Violence is no newcomer to Wall Street. In 1712, Negroes, who comprised about one fourth of the city's population at the time, clashed with police over repressive actions against them. About 20 persons were killed. In 1920, a massive explosion of unknown origin in front of what is now the Morgan Guaranty Trust Co. building killed 30 and injured between 200 and 400 persons. And as recently as 1948, when 500 burly sailors joined the picket lines of men on strike against the New York Stock Exchange, countless fistfights broke out around the building.

But observers of last Friday's clashes say that violence set a new mark in its scope, the apparent high degree of coordination among the construction workers, and the support they got from many members of the white-collar business community.

One construction worker, who said his life would be in danger if he was identified, claimed the attack was organized by shop stewards with the support of some contractors. He said one contractor offered his men cash bonuses to join the fray.
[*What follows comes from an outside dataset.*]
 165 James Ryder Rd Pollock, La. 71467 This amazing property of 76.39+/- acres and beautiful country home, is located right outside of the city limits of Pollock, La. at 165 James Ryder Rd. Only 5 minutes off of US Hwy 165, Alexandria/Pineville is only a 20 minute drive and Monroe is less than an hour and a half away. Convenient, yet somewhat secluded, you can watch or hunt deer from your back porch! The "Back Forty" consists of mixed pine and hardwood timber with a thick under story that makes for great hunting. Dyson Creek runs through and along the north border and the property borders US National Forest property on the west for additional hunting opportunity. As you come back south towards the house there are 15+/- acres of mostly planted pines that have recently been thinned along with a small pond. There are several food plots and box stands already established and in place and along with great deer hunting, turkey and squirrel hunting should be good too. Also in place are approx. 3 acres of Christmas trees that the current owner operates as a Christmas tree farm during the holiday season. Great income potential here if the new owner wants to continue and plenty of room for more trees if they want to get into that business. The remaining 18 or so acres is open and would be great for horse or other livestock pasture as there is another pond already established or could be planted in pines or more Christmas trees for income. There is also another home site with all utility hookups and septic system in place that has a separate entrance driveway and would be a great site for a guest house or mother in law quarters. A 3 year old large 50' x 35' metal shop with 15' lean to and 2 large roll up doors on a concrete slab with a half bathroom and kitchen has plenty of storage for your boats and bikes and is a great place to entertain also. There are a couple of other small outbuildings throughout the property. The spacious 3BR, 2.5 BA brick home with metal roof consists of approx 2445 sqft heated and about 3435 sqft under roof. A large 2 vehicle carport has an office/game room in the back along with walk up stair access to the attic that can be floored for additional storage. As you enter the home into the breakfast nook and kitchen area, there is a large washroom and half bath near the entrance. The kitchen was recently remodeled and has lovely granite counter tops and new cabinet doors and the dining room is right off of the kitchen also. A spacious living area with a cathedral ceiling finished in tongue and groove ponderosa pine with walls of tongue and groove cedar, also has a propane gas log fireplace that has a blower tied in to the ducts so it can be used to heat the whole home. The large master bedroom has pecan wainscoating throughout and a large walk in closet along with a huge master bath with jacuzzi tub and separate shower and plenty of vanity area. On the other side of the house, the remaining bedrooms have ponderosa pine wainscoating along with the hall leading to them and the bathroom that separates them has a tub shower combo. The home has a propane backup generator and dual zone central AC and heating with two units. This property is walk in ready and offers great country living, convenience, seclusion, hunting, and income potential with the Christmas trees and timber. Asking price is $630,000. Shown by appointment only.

"These are people I know well," he said. "They were nice, quiet guys until Friday. But I had to drag one fellow away from attacking several women. They became storm troopers." On Broadway, a burly workman slugged a booing young girl in the jaw, knocking her into the gutter. A gray-haired man in a three-piece business suit rushed forward to shake his hand. At the corner of Wall and William streets, a group of workmen trapped 24-year-old Alan Waldman, a demonstrator holding his hand in a V for peace sign, after a group of businessmen blocked his path to escape.

Michael Belknap, a 29-year-old lawyer with Sullivan & Cromwell, said he was knocked down and stomped by workers when he tried to help a bleeding youth. "Someone yelled, 'He's a Commie bastard, we ought to kill him,' and they ran over me," he says. "My back is covered with bootmarks."

Despite the scope of the violence only six arrests were made on Friday. Three men were charged with harassment, one with disorderly conduct and two with assault. Mayor Lindsay ordered full investigation and disciplinary action, and the New York Civil Liberties Union charged that "police stood around passively and, in some isntances, joined in the assaults."

"These hippies are getting what they deserve," said John Halloran, one of the construction workers, while the melee was still going on. As he talked a co-worker standing with him yelled, "Damn straight," and punched a young man in a business suit who said he disagreed.

Said George Tangel, a 35-year-old construction worker with an American flag decal on his hard hat: "I'm doing this because my brother got wounded in Vietnam, and I think this will help our boys over there by pulling this country together."